_EXCERPTED DATA_.
=-=-=
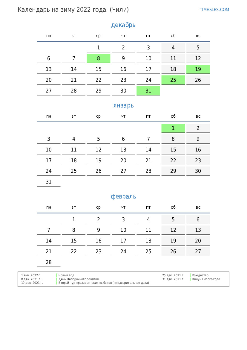 Календарь праздников и выходных дней на лето 2022 года для Чили
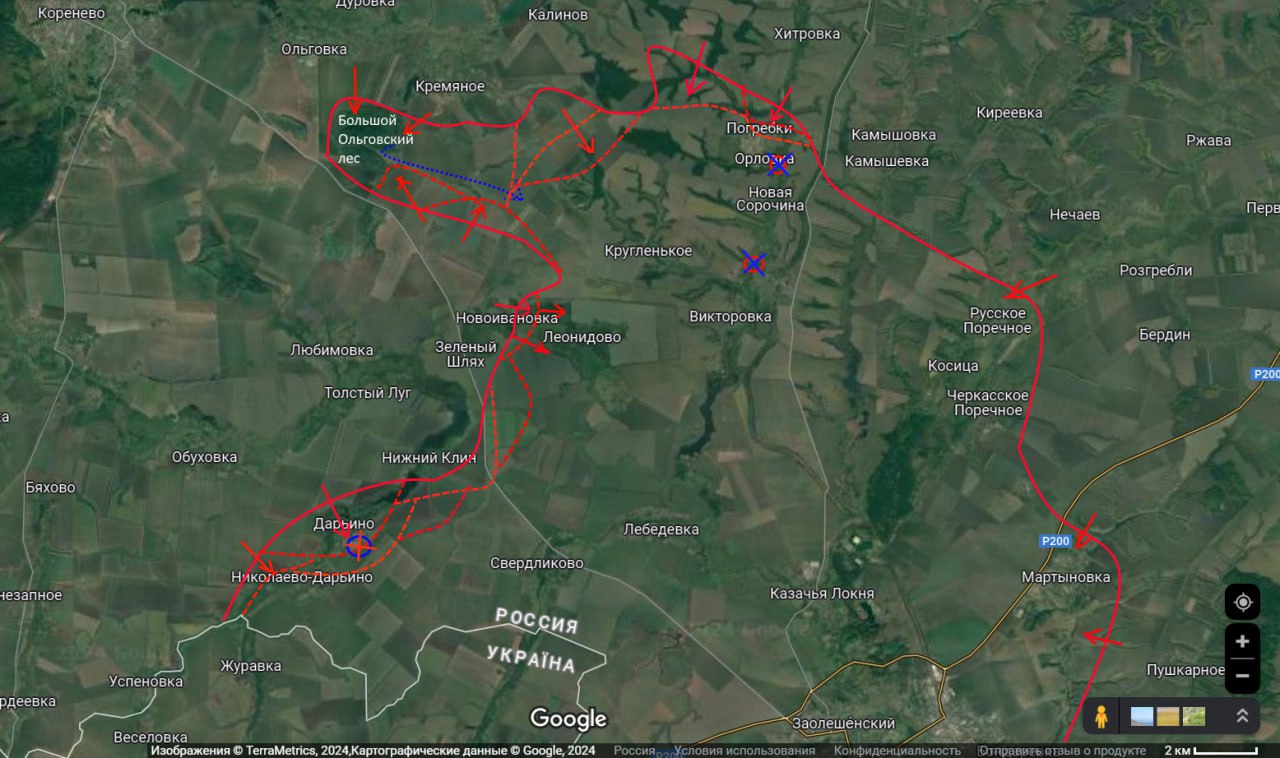 Во-первых, в районе Дарьино-Новый Клин нам удалось закрепиться на новых позициях по направлению к Свердликово. Здесь главной проблемой являются открытые обширные поля до самого этого села, превращенного противником в мощнейший укрпрайон. На самом деле выбить его отсюда задача архисложная.
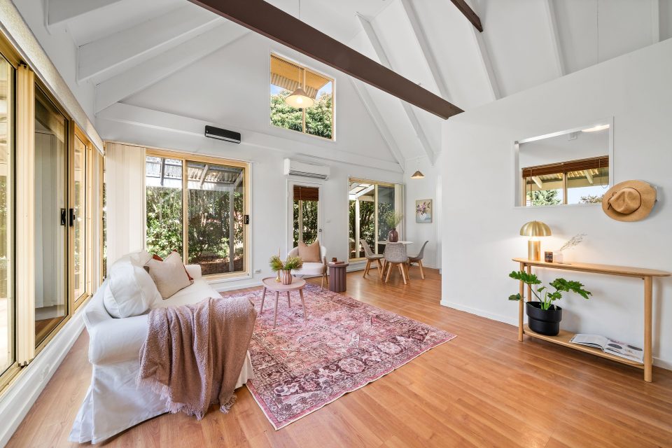 “The main living space is open and airy, with raked ceilings, exposed beams and large windows that bring in plenty of natural light.
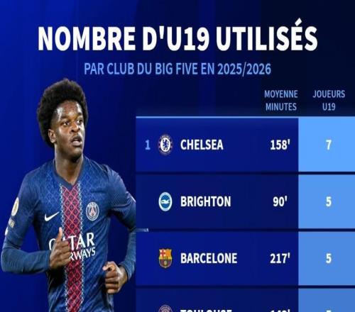 本赛季五大联赛U19球员切尔西使用人数最多,巴黎出场时间最多
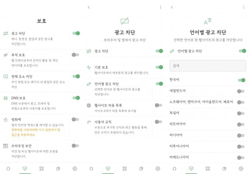 광고 차단, 기본 보호, 언어별 광고 차단만 켜라.
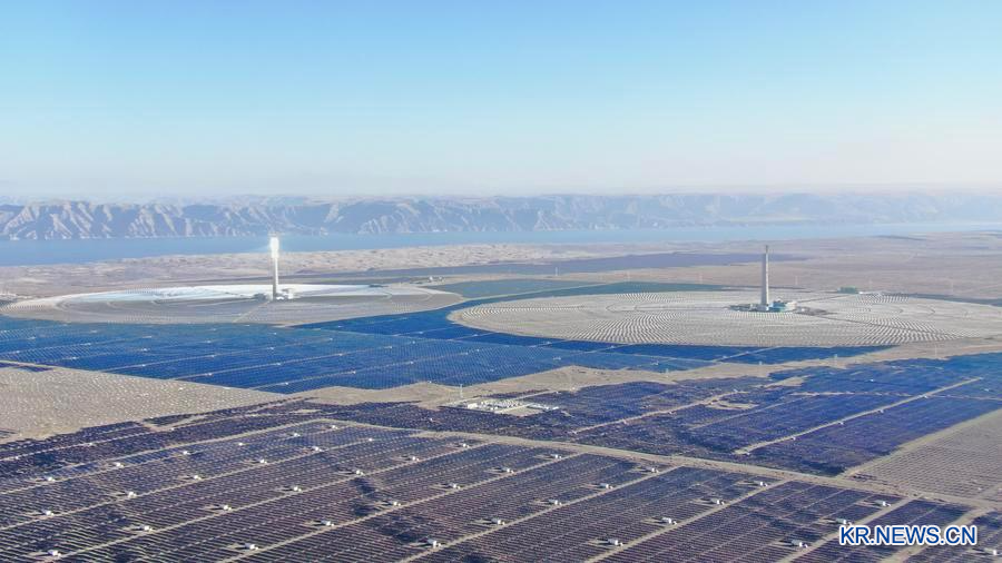 칭하이(青海)성 하이난(海南)짱(藏)족자치주 궁허(共和)현 타라탄(塔拉灘) 녹색산업단지 내 태양광 발전소를 2025년 1월 15일 드론에 담았다. (사진/신화통신)
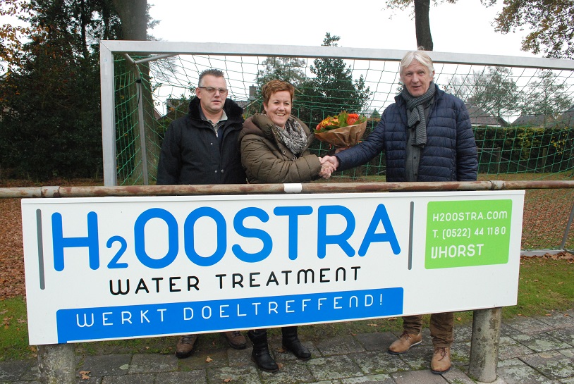 H2Oostra (1)_site814VV Wacker heeft voor aanvang van de wedstrijd Wacker – Trinitas, H2OOSTRA als nieuwe bordsponsor mogen verwelkomen. Dit bedrijf uit IJhorst is gespecialiseerd in drinkwaterbehandeling in de agrarische sector. In tegenstelling tot conventionele waterbehandelingsproducten maakt H2OOSTRA het water in de waterleidingen zacht en wordt de biofilm, mangaan,- ijzer,- en kalkafzetting losgeweekt en dat alles zonder sterke chemicaliën. H2OOSTRA reinigt het water en de uitrusting volledig zodat er geen besmettingsgevaar meer bestaat. Daardoor hoeven biociden zoals chloren en zuren minder bacteriën etc. te doden. Dit betekent dat aanzienlijk minder chemicaliën, waardoor er minder tijd nodig is voor het onderhoud van uw waternetwerksysteem. Eigenaar Cor Oostra en zijn vrouw werden door de sponsorcommissie hartelijk bedankt met een mooie bos bloemen. Foto: Benny Spin
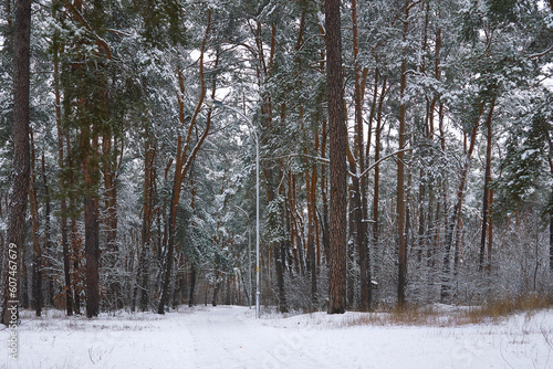 Fototapeta premium Winter quiet alley for healthy walks in a forest park among pines
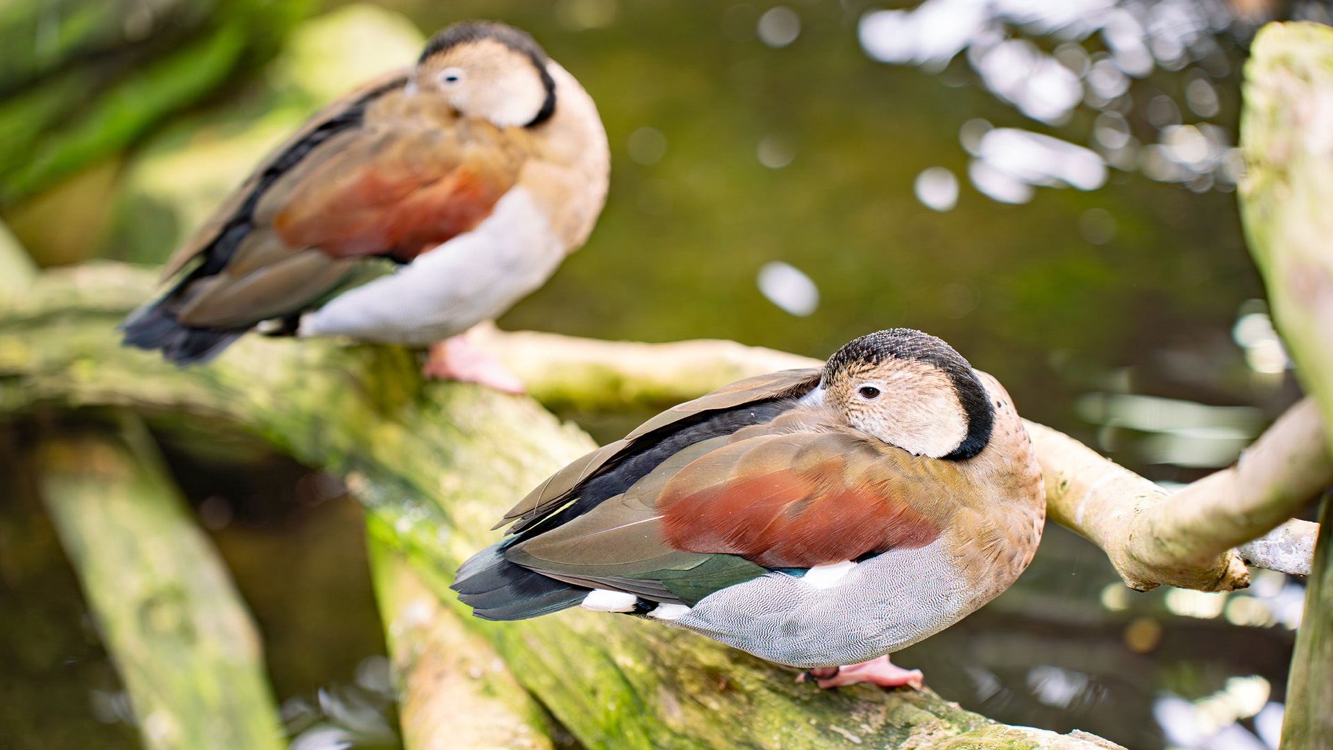 熱帯雨林に生息するクビワコガモは、オスの首に首輪のような模様があるのが特徴で、世界でも最小級のカモのひとつです。先の尖った爪を使って木の枝に止まることもでき、かわいらしい姿で枝の上を移動します。水草や種子、昆虫などを食べて生活しています。那須どうぶつ王国では、給餌体験を通してエサを食べる様子や、枝に止まる愛らしい姿を間近で観察できます。小さな体ながら鮮やかな模様と活動的な行動が見どころです。
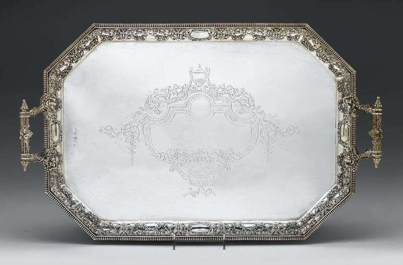 Victorian sterling silver tea tray stephen smith, london, 1885
=-=-=
_WORK TASK_. Each entry above needs to be restated without a single word changed; skip the images.

_RESPONSE TO THIS TASK_.
 Календарь праздников и выходных дней на лето 2022 года для Чили
 Во-первых, в районе Дарьино-Новый Клин нам удалось закрепиться на новых позициях по направлению к Свердликово. Здесь главной проблемой являются открытые обширные поля до самого этого села, превращенного противником в мощнейший укрпрайон. На самом деле выбить его отсюда задача архисложная.
 “The main living space is open and airy, with raked ceilings, exposed beams and large windows that bring in plenty of natural light.
 本赛季五大联赛U19球员切尔西使用人数最多,巴黎出场时间最多
 광고 차단, 기본 보호, 언어별 광고 차단만 켜라.
 칭하이(青海)성 하이난(海南)짱(藏)족자치주 궁허(共和)현 타라탄(塔拉灘) 녹색산업단지 내 태양광 발전소를 2025년 1월 15일 드론에 담았다. (사진/신화통신)
 H2Oostra (1)_site814VV Wacker heeft voor aanvang van de wedstrijd Wacker – Trinitas, H2OOSTRA als nieuwe bordsponsor mogen verwelkomen. Dit bedrijf uit IJhorst is gespecialiseerd in drinkwaterbehandeling in de agrarische sector. In tegenstelling tot conventionele waterbehandelingsproducten maakt H2OOSTRA het water in de waterleidingen zacht en wordt de biofilm, mangaan,- ijzer,- en kalkafzetting losgeweekt en dat alles zonder sterke chemicaliën. H2OOSTRA reinigt het water en de uitrusting volledig zodat er geen besmettingsgevaar meer bestaat. Daardoor hoeven biociden zoals chloren en zuren minder bacteriën etc. te doden. Dit betekent dat aanzienlijk minder chemicaliën, waardoor er minder tijd nodig is voor het onderhoud van uw waternetwerksysteem. Eigenaar Cor Oostra en zijn vrouw werden door de sponsorcommissie hartelijk bedankt met een mooie bos bloemen. Foto: Benny Spin
 Fototapeta premium Winter quiet alley for healthy walks in a forest park among pines
 熱帯雨林に生息するクビワコガモは、オスの首に首輪のような模様があるのが特徴で、世界でも最小級のカモのひとつです。先の尖った爪を使って木の枝に止まることもでき、かわいらしい姿で枝の上を移動します。水草や種子、昆虫などを食べて生活しています。那須どうぶつ王国では、給餌体験を通してエサを食べる様子や、枝に止まる愛らしい姿を間近で観察できます。小さな体ながら鮮やかな模様と活動的な行動が見どころです。
 Victorian sterling silver tea tray stephen smith, london, 1885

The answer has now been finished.